Знания о собственном происхождении человечество получает с помощью трёх наук. Первые две, палеоантропология и генетика, всем известны: первая рассказала нам о том, как выглядели и чем занимались наши предки в последние шесть миллионов лет, а вторая ищет и находит отличия нашего генома от генома шимпанзе и выделяет среди этого жалкого 1 процента нуклеотидных пар единичные значимые изменения. Третья наука сформировалась недавно (хотя была предсказана Дарвином 150 лет назад) и называется эволюционной психологией.

В начале лекции учёный отмечает, что специалисты, применяющие эволюционный подход к изучению человеческого поведения, постоянно подвергаются нападкам со стороны плохо образованных общественных, политических и религиозных деятелей и цитирует статью из журнала Nature – ответ на антиэволюционные высказывания американских политиков:

«И тело, и разум человека произошли путём эволюции от более ранних приматов. Способ человеческого мышления свидетельствует о таком происхождении столь же убедительно, как и строение и работа конечностей, иммунной системы или колбочек глаза. Это относится не только к механизму работы нейронов, но и к различным аспектам нашей морали».
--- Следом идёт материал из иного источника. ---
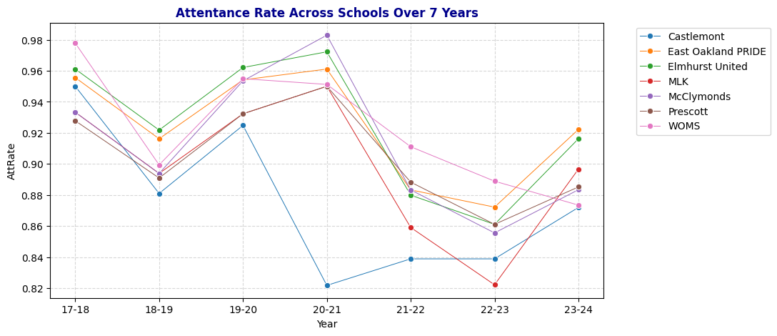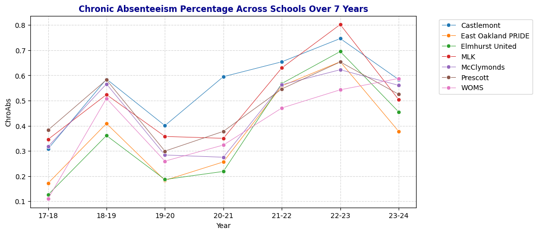 In this notebook, I analyze records from seven schools over seven academic years. My overarching goal is to identify patterns and predictors of chronic absenteeism, with the ultimate aim of guiding effective attendance-improvement strategies.
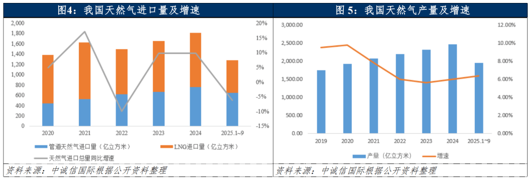 我国天然气对外依存度在国产气增储上产的推动下迎来积极变化。2024年,随着国际天然气价格回落,我国天然气进口总量显著回升,其中LNG进口占比约为58%。2025年1~9月,我国天然气对外依存度同比下降约2个百分点至40%,受工业用气需求阶段性偏弱,叠加国产气产能持续释放,我国天然气进口量有所下降,当期进口量1,281亿立方米,同比下降约6%,其中受中俄东线达产带动管道气进口量同比增长13%至655亿立方米;在国内天然气消费需求阶段性放缓的背景下,管道气进口的增量部分有效替代了LNG的市场空间,LNG进口同比大幅下降至627亿立方米。尽管对外依存度实现阶段性下降,但受资源禀赋和消费需求等因素影响,短期内仍难以从根本上扭转高依存的现状。
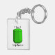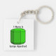This acrylic keychain features a model of a large, green apatite crystal and reads "I have a large apatite!" It's a pun on "appetite." Apatite has a hexagonal dipyramidal crystal structure.
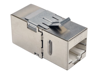 Tripp Lite Cat6a Straight Through Modular Shielded In Line Coupler RJ45 F/F - Coupleur réseau - Conformité TAA - RJ-45 (F) pour RJ-45 (F) - STP - CAT 6a - connecteur à 90°, connecteur à angle vers le bas - argent

Уверенность учёных в эволюционном происхождении «души» основана на огромной совокупности данных нейрофизиологии, генетики поведения, этологии и других дисциплин. Можно выделить четыре основных направления исследований, подтверждающих, что человеческое поведение может рассматриваться как результат эволюции. Во-первых, существует нейрофизиологическая основа поведения: с любой психической функцией связаны конкретные зоны мозга. Во-вторых, ещё одна новая наука – психогенетика – уже накопила большой массив данных, демонстрирующих связь между генотипом и поведением индивида. Если добавить к ней психоэндокринологию, науку о связи гормонов и поведения, то от «нас самих» останется совсем мало. В-третьих, грань между человеком и животными, о которой так много говорили в XX веке, с каждым годом всё больше размывается. И наконец, эволюционная психология обладает самым важным признаком науки: на основе накопленных ею данных можно строить теории и проверять их экспериментально.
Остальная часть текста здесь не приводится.